EST expression profiles of Zmdcl, Zmago and Zmrdr genes in silico

Gene expression in silico data from EST databases play an increasingly vital role in providing gene expression research information. This facilitates the identification of gene function and future functional genomic studies in plant growth and development. In this study, we investigated the expression profiles of Zmdcl, Zmago and Zmrdr genes through several approaches by EST database. These results revealed that Zmdcl, Zmago and Zmrdr genes exhibited distinct expression patterns in different tissues or organs. One explanation is that some of these investigated genes may have temporal and spatial expression pattern, which varies with tissue types, developmental stages or genotypes of maize. For example, some genes exhibit a tissue-specific expression pattern in embryo relative to other tissues, which suggests that they may function in embryogenesis. Moreover, some genes investigated in this study exist in gene rearrangement or partial motifs absence in gene structure. These changes might result in distinct expression pattern, and the genes were also deemed to belong to pseudogenes.

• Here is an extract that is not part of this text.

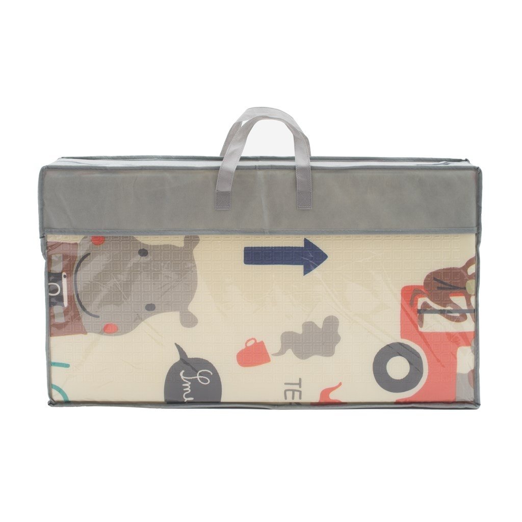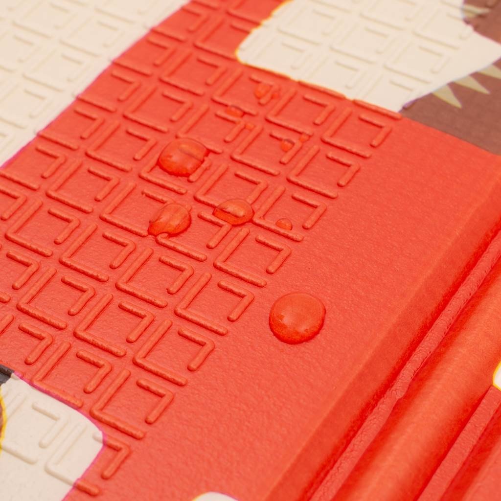 Podložka má opravdu úctyhodné rozměry 200x150 cm ovšem po složení má rozměry pouhých 70x40x10 centimetrů a snadno jej sbalíte do praktické tašky, v niž je podložka dodavána. Je certifikována dle normy EN71 jako hračka a tím splňuje přísnější požadavky než některé konkurenční podložky co se týče bezpečnosti, materiálového a chemického složení.

The expression pattern of Zmdcl, Zmago and Zmrdr gene families under stress treatment

In this study, the expression analyses of semi-quantitative RT-PCR showed that maize Zmdcl, Zmago and Zmrdr genes exhibited different expression levels under two different abiotic stress treatments. For 16 candidate genes, the expression levels increased after applying 15% PEG or 0.15 M NaCl treatment than for controls, suggesting that these genes might play important roles in plant RNAi regulation, especially those showing strong response to the two abiotic stress conditions in this study. In contrast, those genes (Zmdcl1, Zmdcl4, Zmago1a, Zmago1c, Zmago5c, Zmago10a, Zmrdr3 and Zmrdr5) that showed lower expression in stress treatments had a high possibility to contribute to maize RNAi regulation by only expressing under specific conditions or in specific tissues other than seedling leaves, and these remain to be further confirmed experimentally. Furthermore, those genes (Zmago1e, Zmago2, Zmago5b and Zmago18a) exhibiting distinct expression patterns under different stress conditions might play vital roles in evolving specialized regulatory mechanisms in response to different abiotic stresses (Xie et al. 2004).